The quietest sounds that can be heard have a power (measured in Watts) of 10 to the -12 W/m2, whilst the loudest that can be withstood have a power of 1 W/m2. The range is therefore in the order of 10 to the 12, or one million million times.
One decibel is a leap by a factor of 10, so that 0Db is the quietest noise, and 120Db is the loudest.

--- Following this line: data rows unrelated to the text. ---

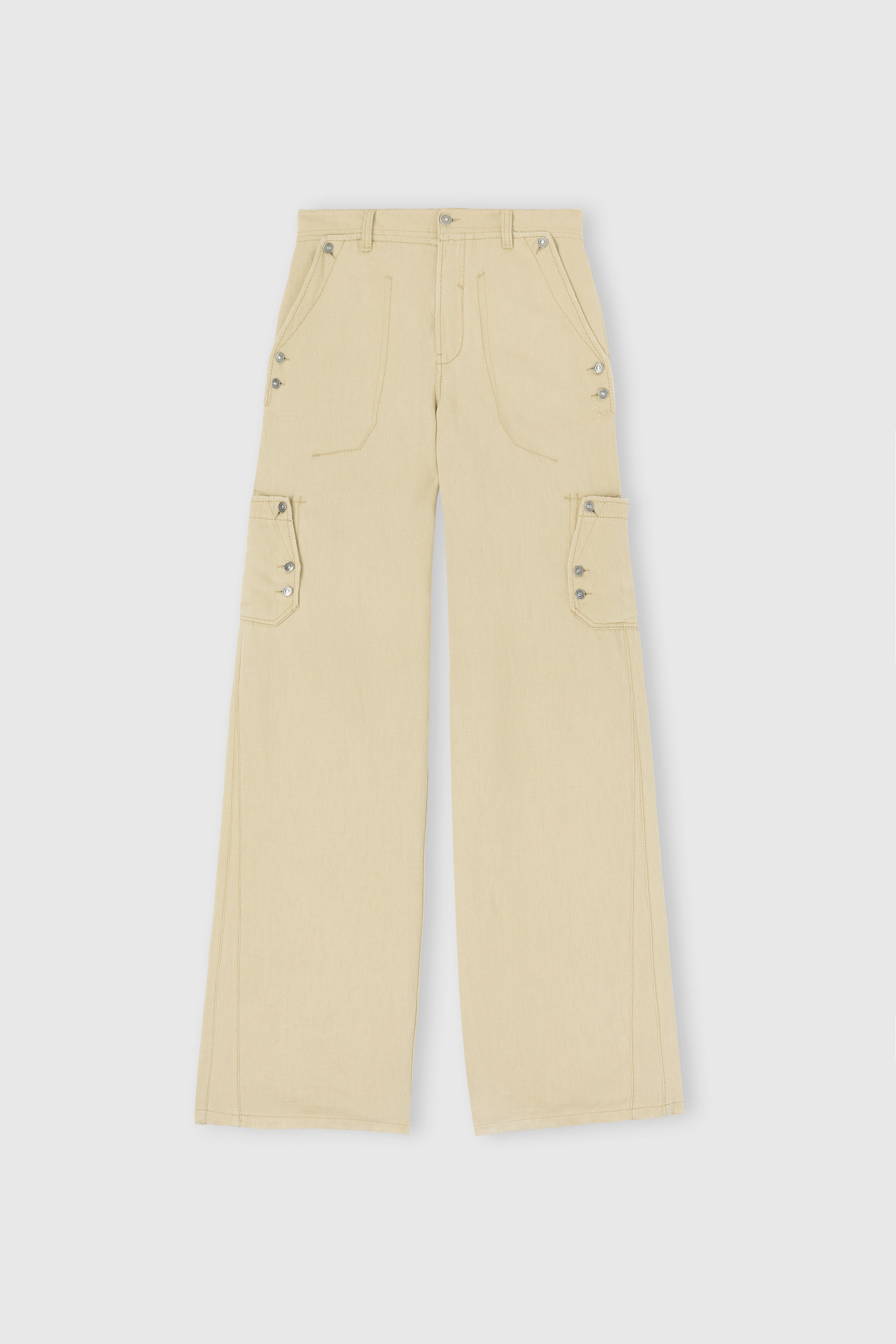 A modern and functional piece: these cargo trousers are crafted in lightweight denim in a cotton-linen blend, offering comfort and breathability. The soft yet structured cut flatters the silhouette without sacrificing practicality, while the side pockets with silver-tone contrast buttons add a contemporary and bold touch. Ideal for casual-chic outfits or paired with jackets and blazers for a more refined look.
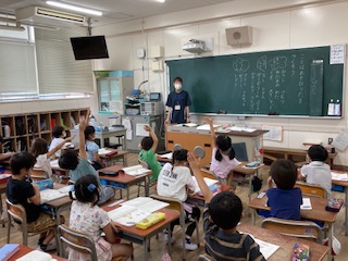 1年生が国語科「ことばあそびうたをつくろう」を学習しています。色々な物の音や様子を思い浮かべてみました。楽しく学習できました。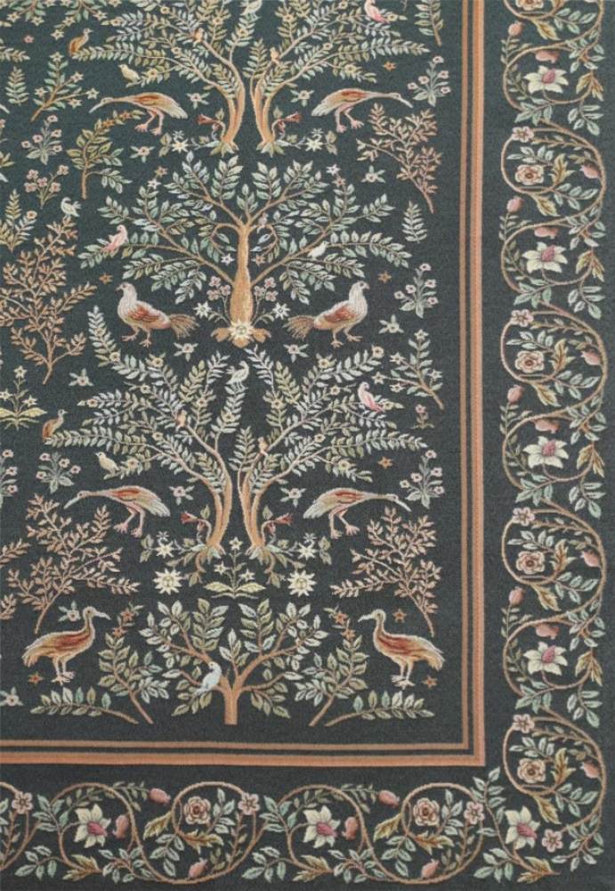 Рисунок создается переплетением нитей различных цветов и фактуры. Состав ткани: хлопок (дающий фактуру и приятную тактильность) и синтетические нити (придающие износостойкость). Плотность гобелена 410 г/метр2.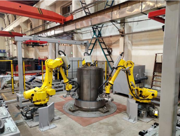 近日,中國船舶集團(tuán)旗下杰瑞自動化承研的定子鐵芯疊裝機(jī)器人工作站項目通過驗(yàn)收并投入使用,實(shí)現(xiàn)了大型高壓異步電機(jī)關(guān)鍵配套——定子鐵芯的自動化生產(chǎn)。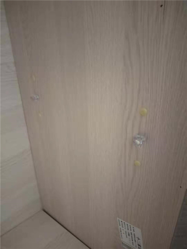 每塊板上都貼有小標(biāo)簽,方便后期安裝師傅安裝,封邊條上都帶有“優(yōu)端”logo的哦!方便后期售后。打孔也安排上咯!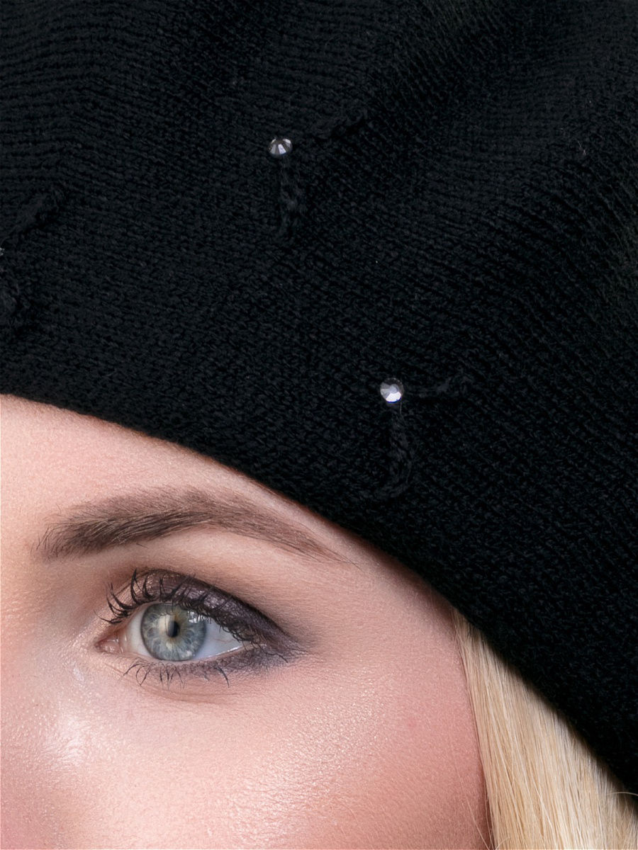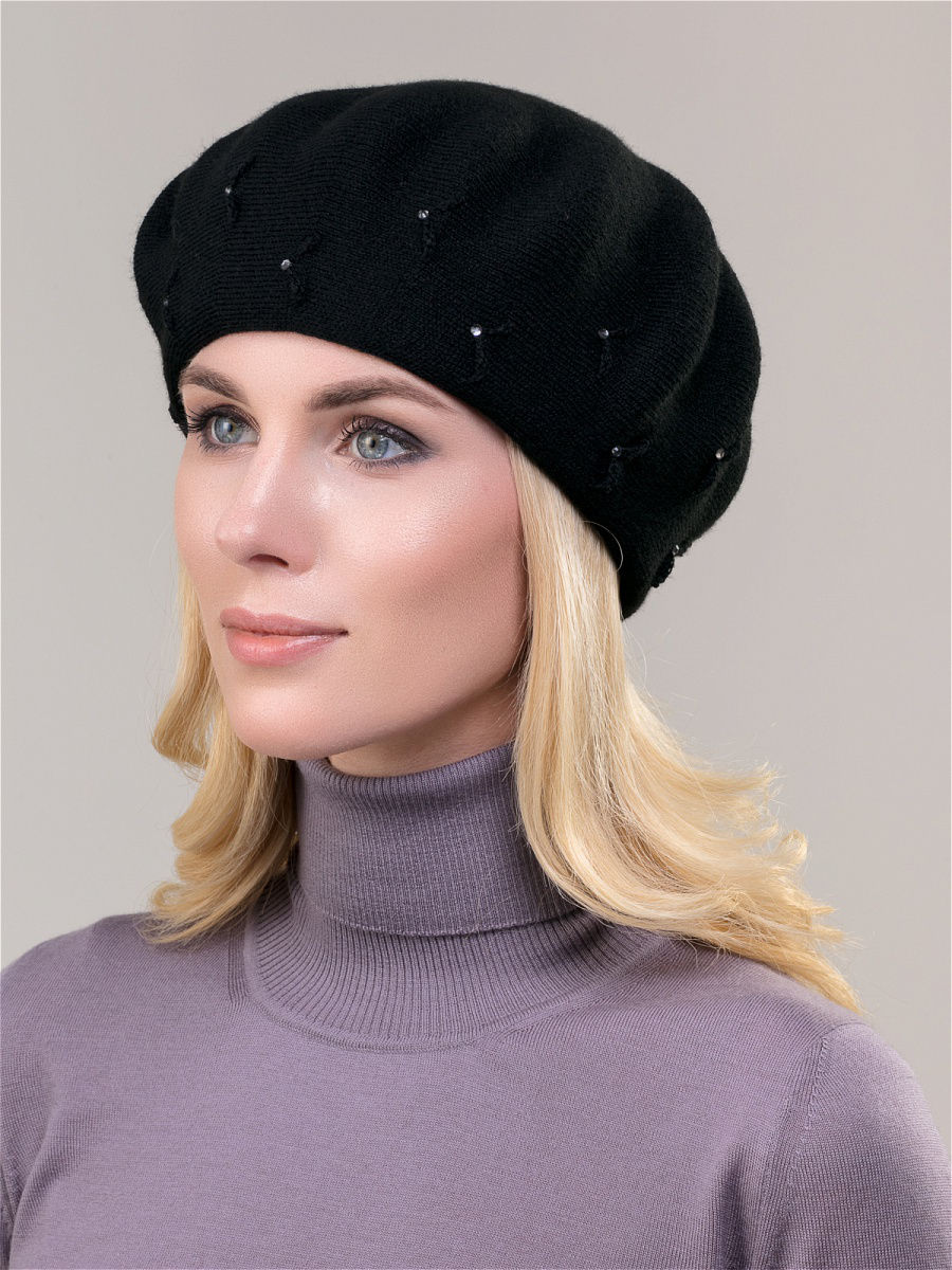 Элегантный теплый двойной берет классической формы из высококачественного объемного акрила. Внутри имеет двойной подворот, который дополнительно утепляет область лба и ушей. Декорирован оригинальными вывязанными элементами и украшен стразами. Рекомендуется для холодной зимы. Фабрика Junberg, Россия.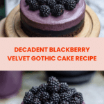 The Blackberry Velvet Gothic Cake is a stunning dessert featuring rich cocoa layers paired with a luscious blackberry filling and fluffy whipped cream. Its dramatic dark colors and fresh decorations make it perfect for special occasions or an elegant treat.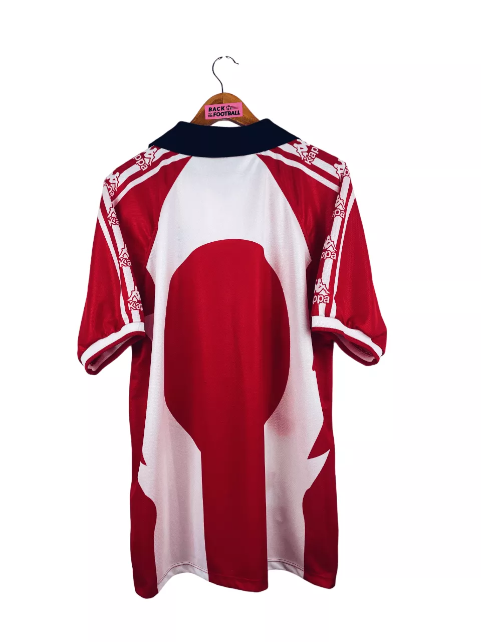 Taille : XL Si tu veux plus d’infos, tu peux nous contacter par mail ou sur les réseaux 😉 Etat : 8/10, très bon état Le maillot : maillot vintage Centenaire de l’Athletic Bilbao 1997/1998. L’écusson et le logo Kappa sont brodés. Très beau maillot rétro de l’Athletic Club ! Histoire : maillot porté uniquement contre la Roma et le Betis en matchs amicaux. Les basques terminent à la 2ème place de Liga. Ils sont éliminés en quart de Copa del Rey contre Majorque.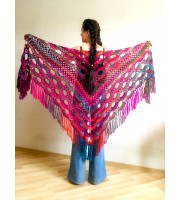 Rainbow Crochet Shawl Wraps With Fringe Triangular Colorful brooch Evening Hand Knitted Shawl Multicolor Shawl Lace Warm Wool Chic Shawl
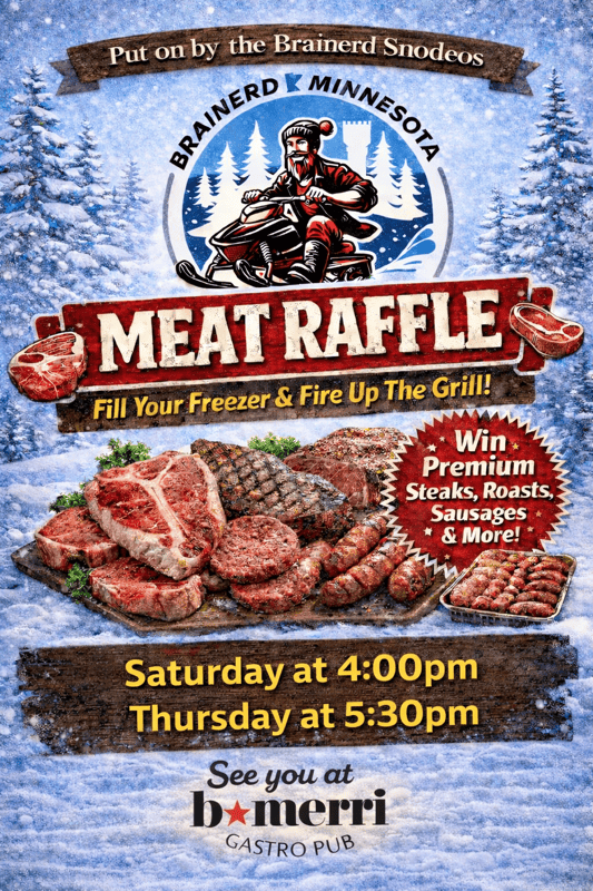 Brainerd Snodeos hosts a meat raffle every Thursday and Saturday at b*merri! Tickets go on sale at 5:30 PM on Thursdays and 4:00 PM on Saturdays, they sell for one hour or until they’re all gone! Come in and give yourself a chance to win some delicious meat to take home while enjoying drinks and food for a fun evening out!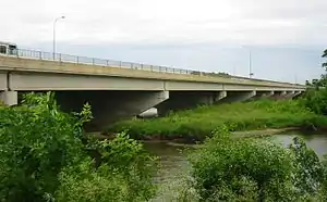 Highway 25 Bridge is a concrete girder bridge that spans the Mississippi River between Monticello, Minnesota and Big Lake, Minnesota. It was built in 1988 by the Minnesota Department of Transportation and was designed by VanDoren Hazard Stallings.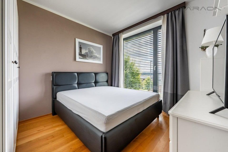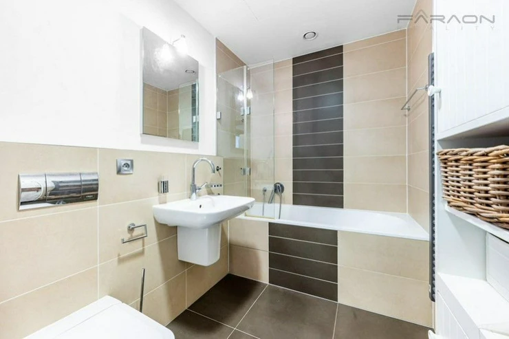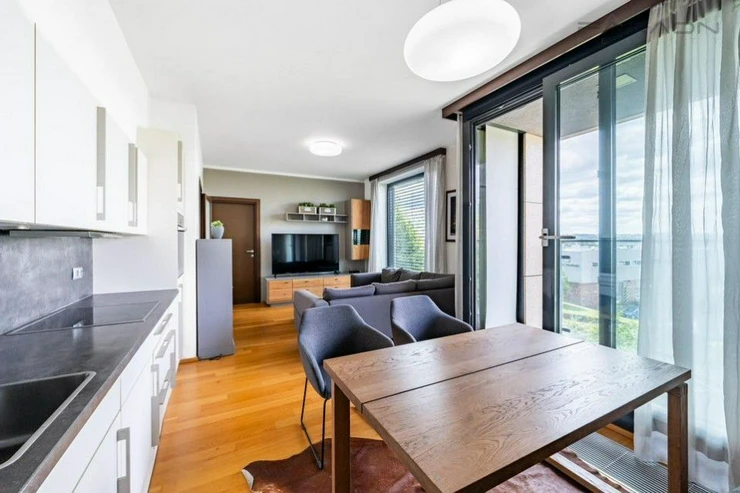 Rent of a modern luxurious, southwest-facing 2-bedroom apartment with a terrace (56m2) with views of the distant surroundings full of greenery with a parking space and a large cellar, situated on the 3rd floor of a modern project of the sought-after and popular Kavčí Hory Residence with underground parking, 24-hour reception with seating, fitness center, security and camera system. Quiet location within close reach of full civic amenities and quick access to the center, in the vicinity of Central Park and the ČT complex, within walking distance of the Pankrác metro station and the Arkády Pankrác shopping center.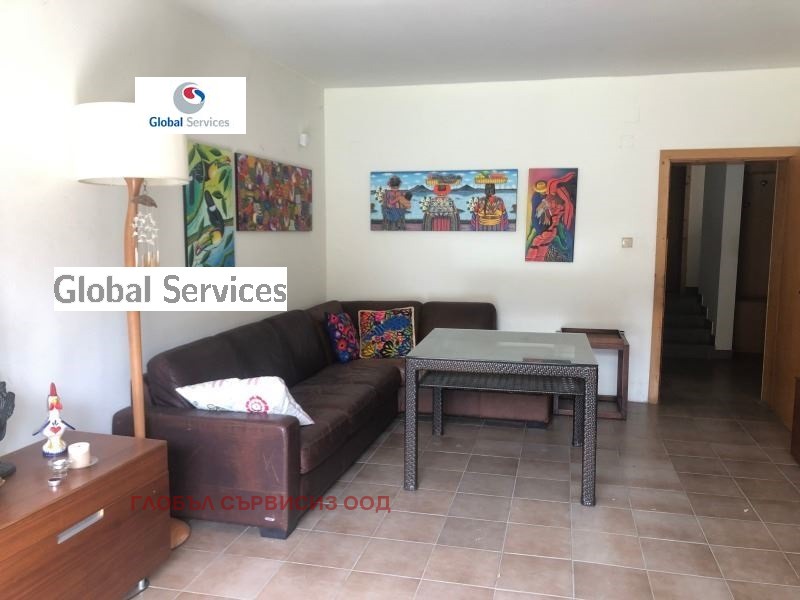 На 1 ет. са разположени просторен хол с трапезария и веранда към южната част на двора с тента за сянка за през лятото, отделна напълно оборудвана кухня, санитарно помещение и кабинет или спалня.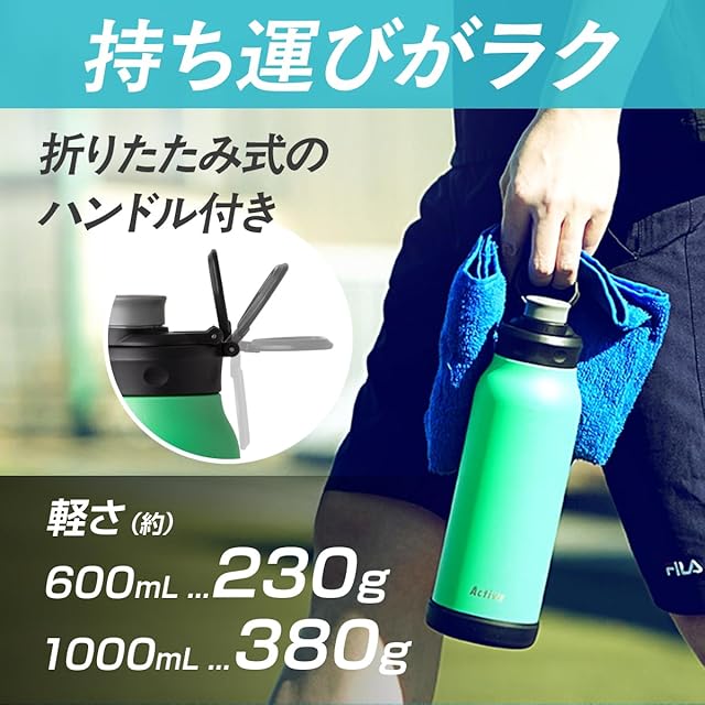 アトラス 水筒 1リットル 直飲み 保冷 真空断熱 スポーツボトル 軽量 スポーツドリンク対応 大容量 持ち運びに便利 ハンドル付き ダイレクトボトル アクティバ ブライトグリーン ADHB-1000BRGR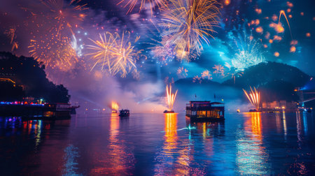 Enjoy a breathtaking view of a vibrant fireworks display illuminating a harbor at night. Colorful lights reflect off calm waters, enriching the festive atmosphere.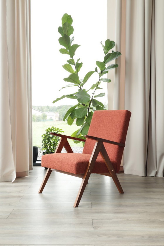 Wir bieten Ihnen einen Sessel im skandinavischen Stil aus der Mid-Century-Ära an. Unser Sessel, nach gründlicher Renovierung, hat einen modernen belgischen Bouclestoff in Rostfarbe. Buchenholz in dunkler Walnussfarbe, massiver Sitz mit Federn. Angelehnte Lehne, die hohen Komfort garantiert. Die langen Armlehnen ermöglichen eine bequeme Positionierung des gesamten Arms. Perfekt als bequemes und stilvolles Sitzelement. Er eignet sich als bequemer Sitz für Eltern im Kinderzimmer. Perfekt für längeres Sitzen beim Arbeiten oder Lesen. Ein bequemer Platz zum Entspannen und Ausruhen. Abmessungen: Höhe - 76 cm, Breite - 61 cm, Tiefe - 68 cm, Sitztiefe - 51 cm, Sitzhöhe - 38 cm.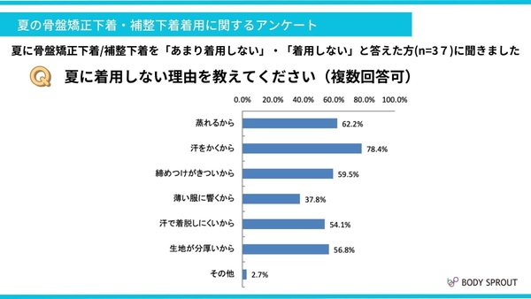 夏に骨盤矯正下着/補整下着を「あまり着用しない」・「着用しない」と答えた方にその理由をお聞きしました。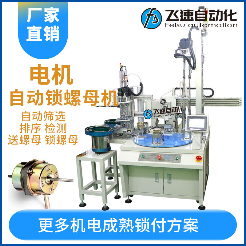 - 產(chǎn)品簡介: 風(fēng)扇電機(jī)自動(dòng)鎖螺母機(jī)自動(dòng)送螺母、擰螺母、取產(chǎn)品均由設(shè)備自動(dòng)完成。 電機(jī)風(fēng)扇是一種具有風(fēng)扇轂和葉片的電機(jī),其作用是產(chǎn)生驅(qū)動(dòng)轉(zhuǎn)矩的動(dòng)力源,風(fēng)扇電機(jī)主要由外殼、設(shè)于外殼內(nèi)的轉(zhuǎn)子、固設(shè)于外殼內(nèi)壁上且繞轉(zhuǎn)子設(shè)置的定子及端蓋組成。在組裝生產(chǎn)種需要用的五金標(biāo)準(zhǔn)件之一的螺絲進(jìn)行安裝緊固,廠家生產(chǎn)一直都是傳統(tǒng)人工進(jìn)行手工產(chǎn)品進(jìn)行裝配一枚一枚螺絲擰緊或者采用一種電動(dòng)螺絲刀來操作,在生產(chǎn)上不僅勞動(dòng)強(qiáng)度大,生產(chǎn)效率低,而且在擰緊工件時(shí)無法控制力度,出現(xiàn)旋緊力不均或者容易滑牙等問題造成不良產(chǎn)品。 為此廠家會(huì)選購一臺(tái)自動(dòng)化螺絲機(jī)來代替繁瑣的工作和提高工作效率 質(zhì)量等,飛速自動(dòng)化生產(chǎn)的轉(zhuǎn)臺(tái)式多軸自動(dòng)鎖螺絲機(jī),設(shè)備配置了一個(gè)轉(zhuǎn)臺(tái)多個(gè)工位操作,設(shè)備上配置了兩臺(tái)振動(dòng)盤自動(dòng)定向排序的送料設(shè)備,其工作目的是通過振動(dòng)將螺絲自動(dòng)有序定向排列整齊、準(zhǔn)確地輸送到轉(zhuǎn)臺(tái)操作工位上然后由四軸把螺絲放置在配置好的工件上進(jìn)行轉(zhuǎn)動(dòng)扭緊螺絲釘,將擰好螺絲的產(chǎn)品由機(jī)械手自動(dòng)送入出料倉,人工無需再去取產(chǎn)品,個(gè)過程都通過轉(zhuǎn)盤同時(shí)進(jìn)行,各工位互不干擾,設(shè)備優(yōu)勢在于減少人工作業(yè)量,工人放置產(chǎn)品即可,送螺母、擰螺母、取產(chǎn)品均由設(shè)備自動(dòng)完成。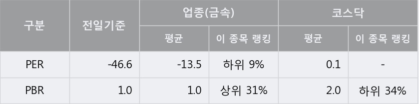 당기순이익 적자로 인해 이 종목의 PER는 마이너스이고, PBR은 1.0배이다. PER는 마이너스라서 금속업종의 평균 PER -13.5배 대비 -33.1배 낮은 수준이고, PBR은 금속업종의 평균 PBR 1.0배와 동일한 수준으로 업종 내에서 상위 31%에 위치한다.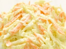 Our house-made slaw features crisp cabbage and shredded carrots tossed in a zesty, vinegar-forward dressing with a hint of creamy dressing for a perfectly balanced crunch

Fundamentals, Overtones, Harmonics And Combination Tones

A note played by most ordinary acoustic intruments is not 'pure', it is in fact a spectrum of frequencies which largely give the note it's characteristic quality. The most significant components of this spectrum are the overtones. Overtones may be inharmonic (ie dissonant, sounding bad) or harmonic (ie consonant, sounding good).
The 'natural overtone series' is the set of harmonics which are particularly prominent in the spectrum of frequencies for notes played by acoustic instruments, and which are also produced by producing waves in a string, where there are successive integer values for the number of 'crests' of the wave, ie 1,2,3,4,5,6,7,8 and so on.
Taking 1 crest as the 'fundamental' note, then 2 produces a frequency an octave above. 3 produces a frequency of a '12th' interval (ie the fifth above the octave). 4 produces a frequency of the second octave above. 5 produces a frequency of a major third above that. 6 produces a frequency of the fifth note in this third octave. 7 produces a frequency of the flattened (minor) seventh in this octave. 8 produces a frequency of the fourth octave. 9 produces a frequency of the second interval in the fourth octave. (et cetera...) The increments between notes becomes successively smaller the further into the series you go, such that soon there are semitone intervals, then quarter- tone intervals, then even smaller fractional intervals.
Also, there is less and less congruence between harmonics and the 'proper' frequencies of the equitempered scale the further into the series you go. (But maybe in some forms of music this is NOT a 'problem' od course).
In the first octave there are no overtones, in the second there is one, in the third there are three, and in the fourth octave there are lots. Overtones which are 'harmonic' are at frequencies equal to the fundamental frequency multiplied by AN INTEGER: eg to find the fifth harmonic of C4, multiply it's frequency of 261.63 by 5: the result is a frequency of 1308.15, close to (but NOT the same as) the frequency of 1318.5 given for E6 (the fifth harmonic of C4) in the equitempered scale.
Overtones which are inharmonic (dissonant) are non-integer multiples of the fundamental frequency.
The constituent frequencies of a note can be ascertained with a wave analyser, which uses the equations developed by Fourier.
If you filter out the fundamental frequency of say 200Hz from a note with overtones of 400Hz, 600Hz, 800Hz and 1000Hz (say, played on a piano), the brain will recreate the fundamental such that it appears to be present even when it is not there.
The ear can be far more subtle still, however, in 'creating' sounds which are not actually there in received vibrations. When a tone of frequency f causes the eardrum to vibrate, the full harmonic series of tones 2f, 3f, 4f, 5f, 6f etc is apparent to the listener, these harmonics being produced by the eardrum itself.
'Combination' tones are additional, new tones produced when two frequencies, f1 and f2 are sounded together, and these combination tones are also 'manufactured' by the ear, this time from combinations of the first frequency and the harmonics of the second, and from the second frequency and harmonics of the first. (Note 3f2 is notation for 'the third harmonic of the second frequency'). The series of combination tones will be:

2f1 - f2 2f2 - f1 3f1 - f2 3f2 - f1
3f1 - 2f2 3f2 - 2f1 4f1 - 3f2 4f2 - 3f1 and so on.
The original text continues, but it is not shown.